Sila Kerakyatan yang dipimpin oleh Hikmat Kebijaksanaan Permusyawaratan Perwakilan

Islam adalah agama yang mengetumakan kemaslahatan umat, dengan demikian menjadi logis bahwa Islam mengutamakan musyawarah dan kerjasama konstruktif untuk mencapai suatu tujuan  yang diharapkan, “ dan bermusyawarahlah dengan mereka dalam urusan itu.” (QS.Ali-Imran[3]:159).  Bebagai pertikaian dan sengketa yang terjadi di Indonesia pada umumnya adalah sebuah cara keluar dari tekanan ekonomi yang menimpa bangsa ini. Islam bukanlah agama yang mengutamakan kepentingan pribadi semata, tetapi lebih jauh menjangkau keadilan bagi banyak pihak. Ketimpangan sosial dan ekonomi bangsa yaitu menciptakan keadlian bagi seluruh rakyat Indonesia.

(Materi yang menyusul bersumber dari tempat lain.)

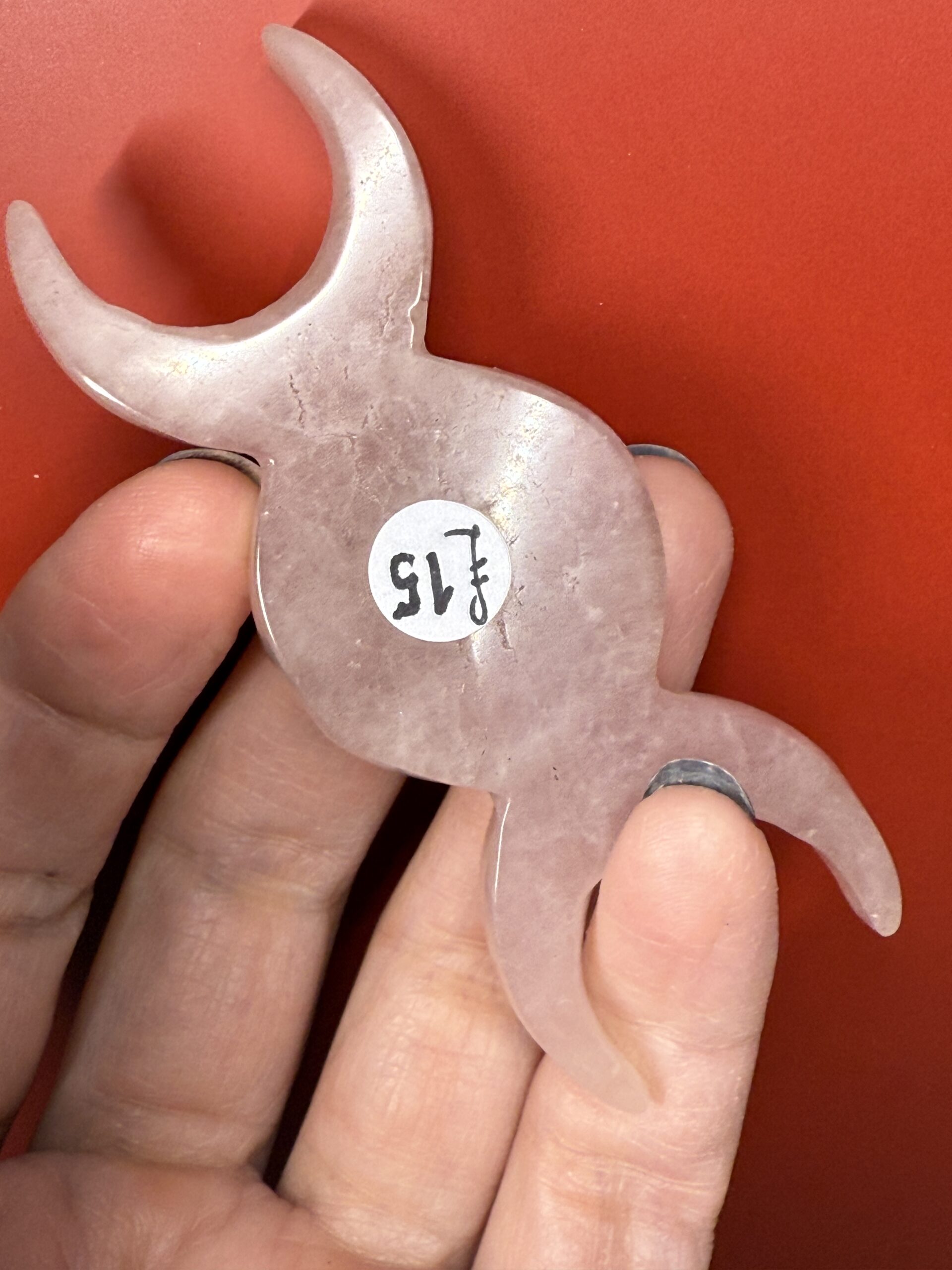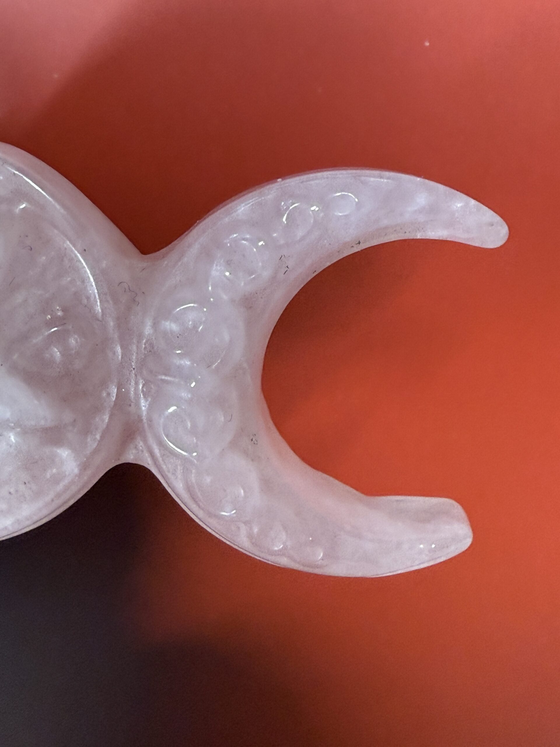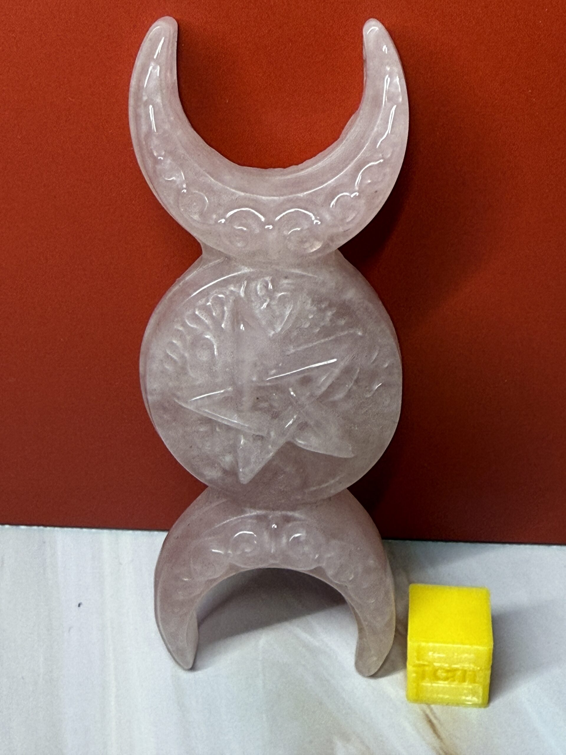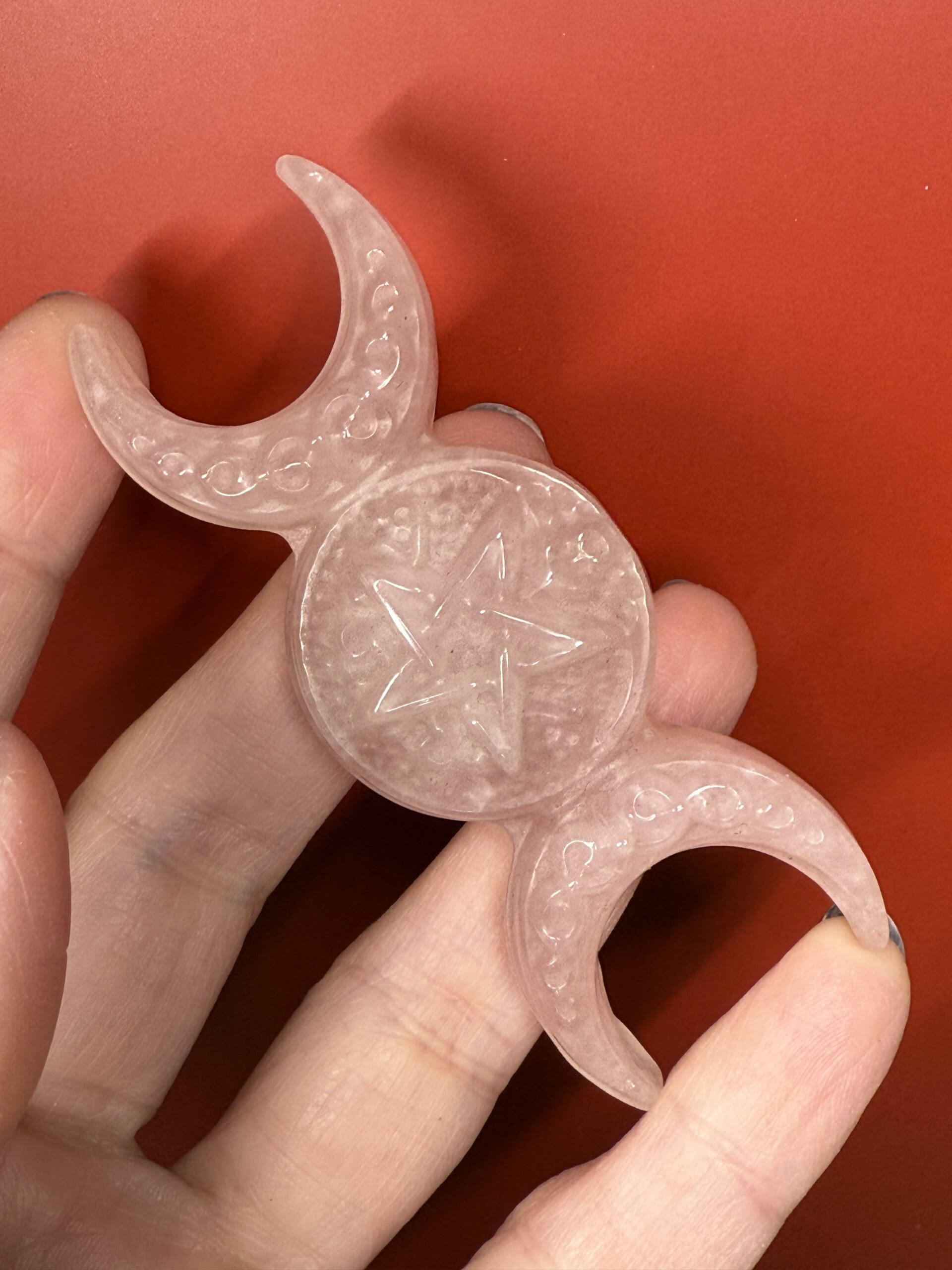 Beautifully detailed Rose Carving of the triple moons. A pentagram carving in the full moon and Celtic knot work on the waning and waxing.
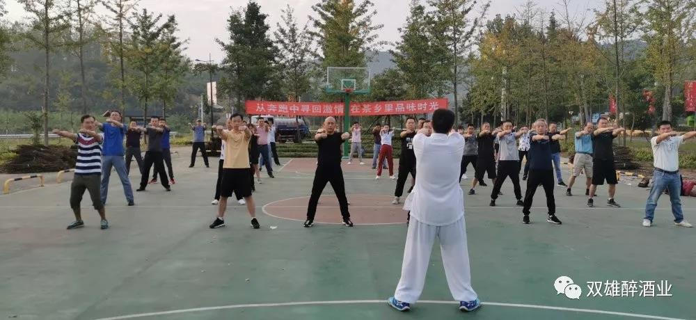 8日清晨,大家在玉皇劍莊園前的籃球場上,在鄭總帶領(lǐng)下,一起練習武當養(yǎng)生功,初秋,涼風習習,空氣清新,大家吐納開合,一招一式透出力量與精神,功課練完,汗?jié)褚陆?,無不覺得神清氣爽。鄭總說,各位老板每日應(yīng)酬很多,多年來嚴重透支身體健康,練養(yǎng)生功的目的就是要提高我們身體的自愈修復(fù)功能,練功要堅持才能達到效果,雙雄醉健康酒業(yè)不僅為大家提供健康的白酒,還要倡導(dǎo)健康的生活方式。
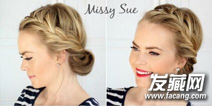 盘发教程step3》》》》》麻花辫的编织一直编到耳朵下方的位置即可,然后只需将麻花辫的发尾卷曲塞入发带内固定即可(如图)
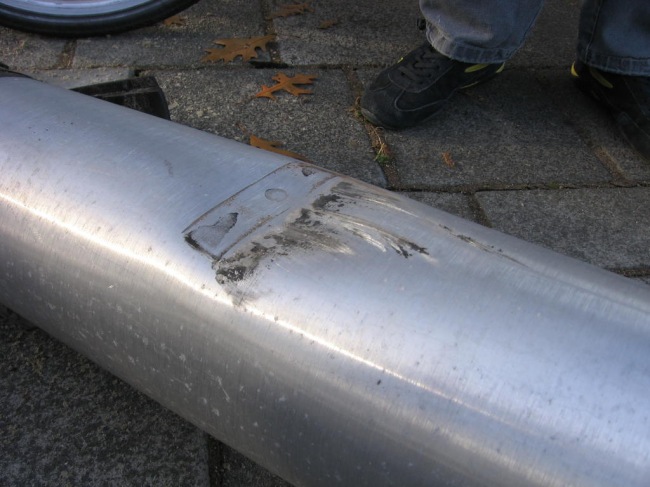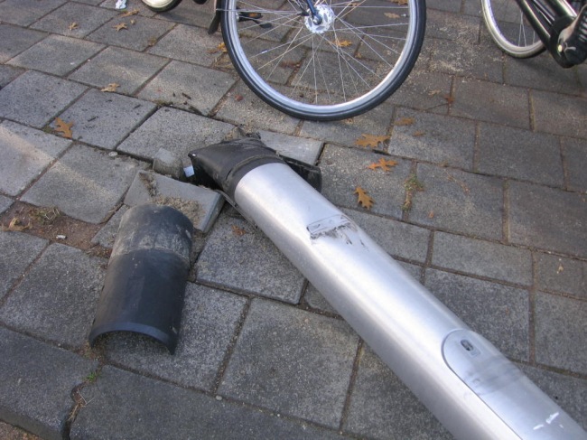 Io continuo a credere che una macchina abbia travolto il palo (si vedono chiaramente dei segni verticali dal basso verso lìalto nella prima foto che ho postato).
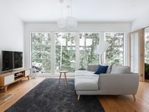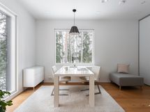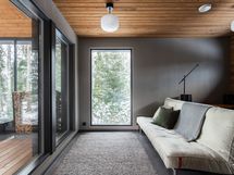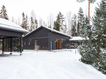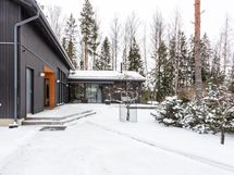 Tämä arkkitehdin suunnittelema vuonna 2016 valmistunut omakotitalo on ajaton kokonaisuus, jossa on yhdistetty estetiikka arjen toimivuuteen. Talon ja erillisen saunarakennuksen yhdistää tilava lasitettu terassi. Päättyvän tien viimeinen tontti rajautuu kahdelta sivulta metsäiseen kaupungin puistoalueeseen.
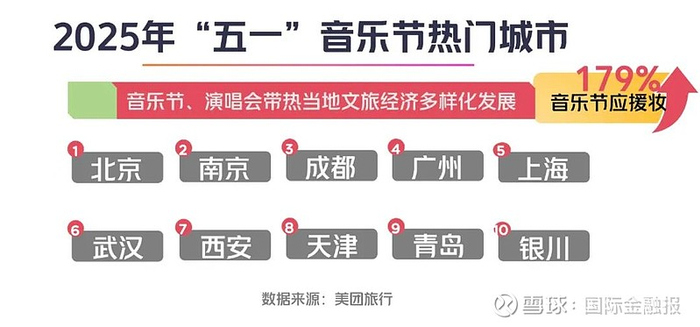 据美团旅行数据,“五一”音乐节Top10的热门城市为:北京、南京、成都、广州、上海、武汉、西安、天津、青岛、银川。此外,受演唱会、音乐节带动,宝鸡、常州、滁州、孝感、阜阳、伊宁成为“五一”热门小城。
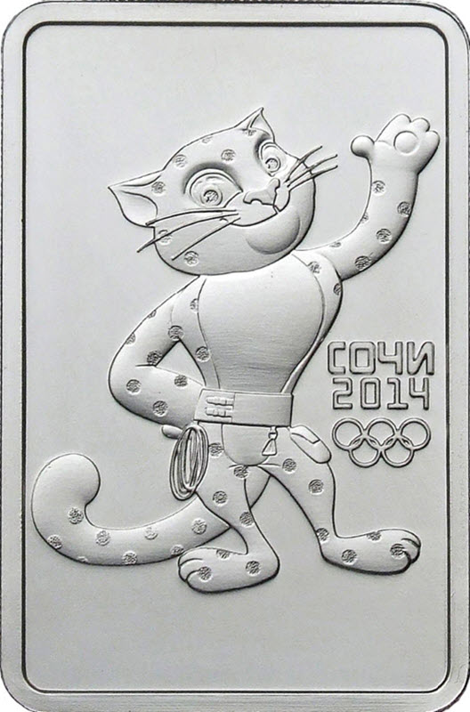 Реверс: рельефное изображение Леопарда - официального талисмана XXII Олимпийских зимних игр 2014 года в г. Сочи, справа в две строки надпись "СОЧИ" и дата "2014", под ними - пять олимпийских колец.
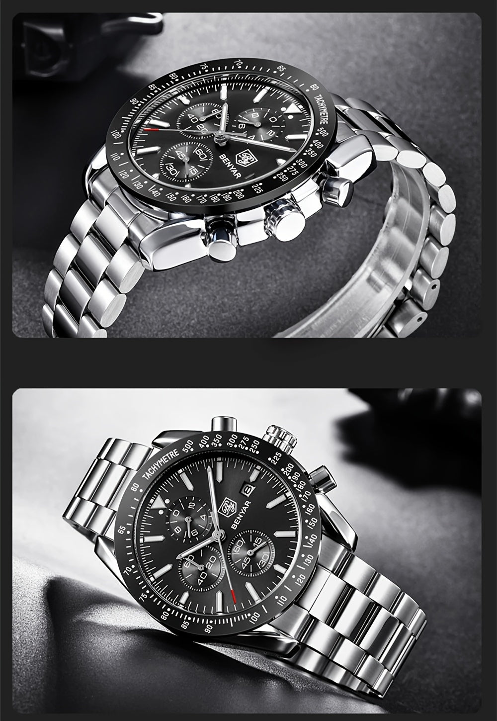 BY BENYAR Men'S Quartz Chronograph Watch - Luminous, Stainless Steel, Blue Dial with Date & Stopwatch, Faux Leather Strap, Elegant Business & Casual Style, Perfect Gift for Men, Professional Chronograph | Sleek Watch Design |
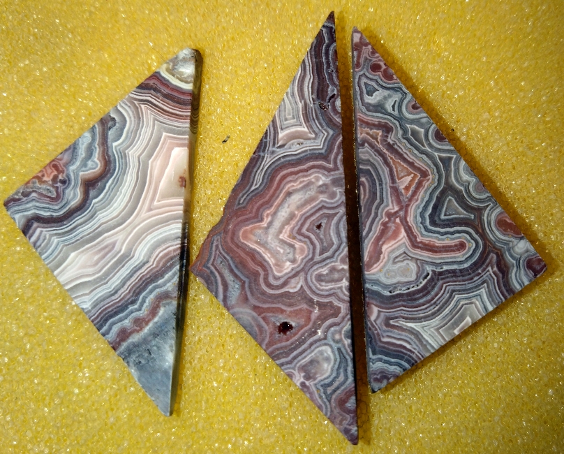 Links ein einfaches Achat-Bild und die beiden rechts die tupische Crazy Lake Musterung. Alle drei Stücke stammen aus der selben Scheibe eines Crazy Lake Achats.
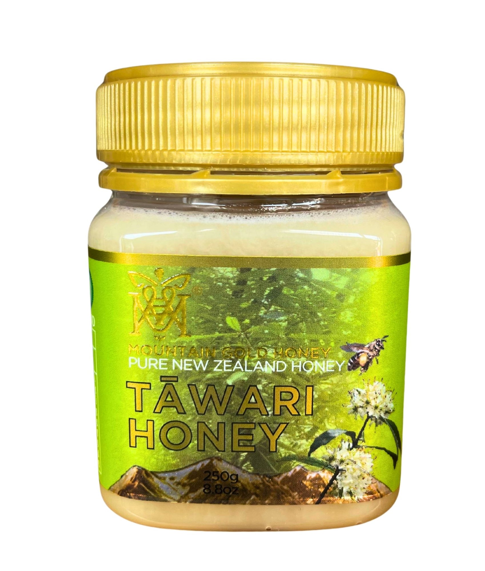 Discover the delicate charm of Mountain Gold Tawari Honey, a rare and distinctive native New Zealand honey celebrated for its light colour, smooth texture, and subtle butterscotch-like flavour.
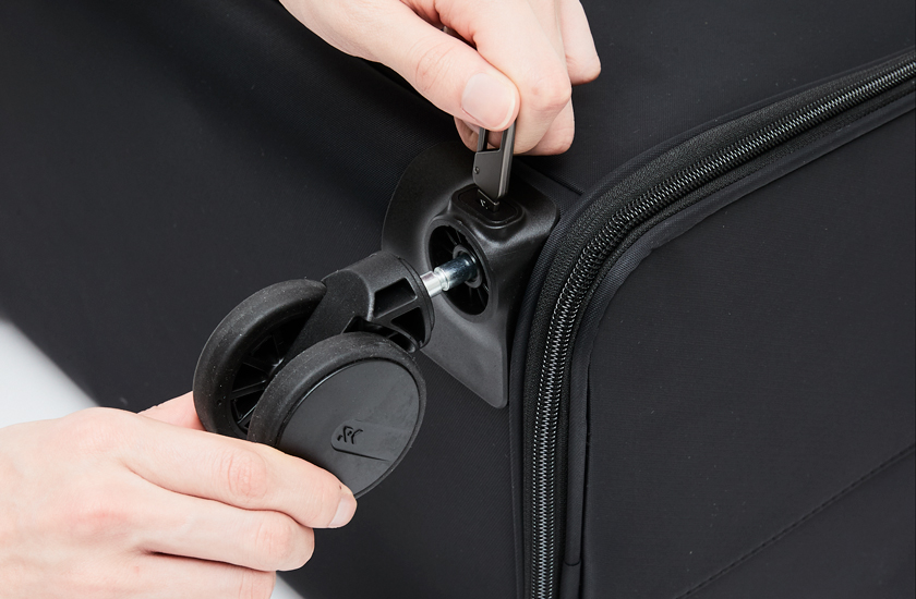 これがクロ隠れたるワケなのです。こちらは変形トロリーで人気のイスラエル発のメーカーの最新作。折り畳みでありながら、耐衝撃性や生地の防水耐久性に優れ、旅行や出張で壊れる心配はありません。
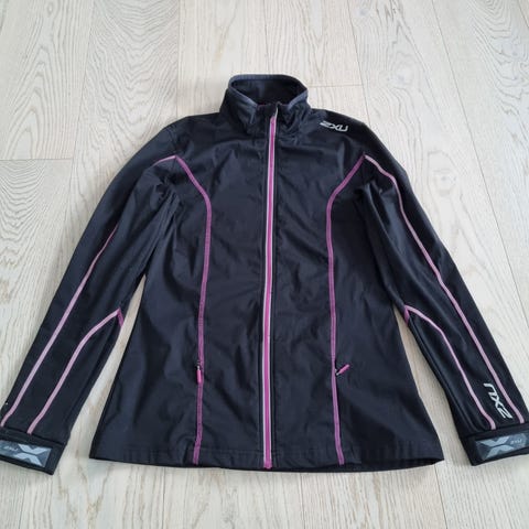 2XU løpejakke for dame i størrelse Medium. Jakken er svart med rosa detaljer og hel glidelås i front. Den har høy krage og lange ermer. Egnet som ytterlag til løping og annen trening utendørs.
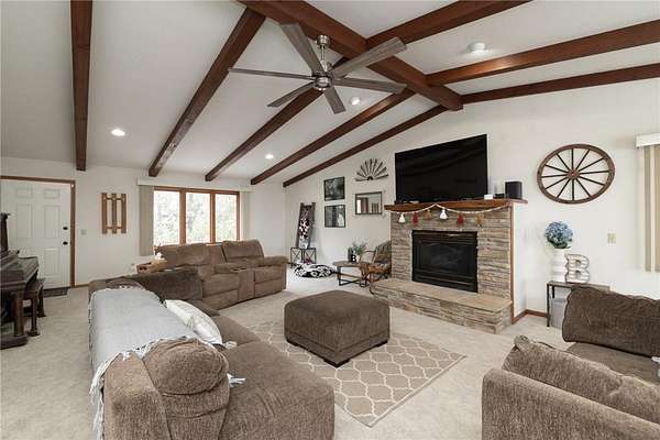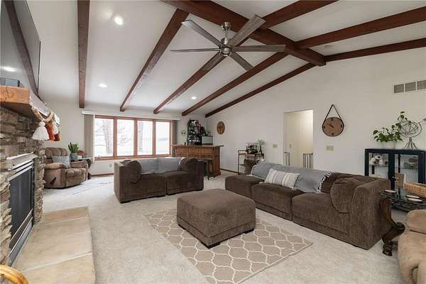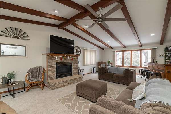 This 2-acre rural property outside Kenyon offers the perfect combination of privacy, functionality, and opportunity. The home features over 2,300 finished square feet on the main level, including a spacious family room with fireplace, kitchen, dining areas, office space, and two bedrooms with two bathrooms.

Sila Keadilan Sosial Bagi Seluruh Rakyat Indonesia

Keadilan sosial berkait dengan pemerataan kesejahteraan bagi seluruh rakyat Indonesia, dalam  islam telah mencanangkan bentuk masyarakat yang berkeadilan. Allah SWT berfirman: “ dan pada harta-harta mereka, ada hak untuk orang miskin yang meminta dan orang miskin yang tidak mendapat bagian.”(QS. Az-Dzariyat[51]:19).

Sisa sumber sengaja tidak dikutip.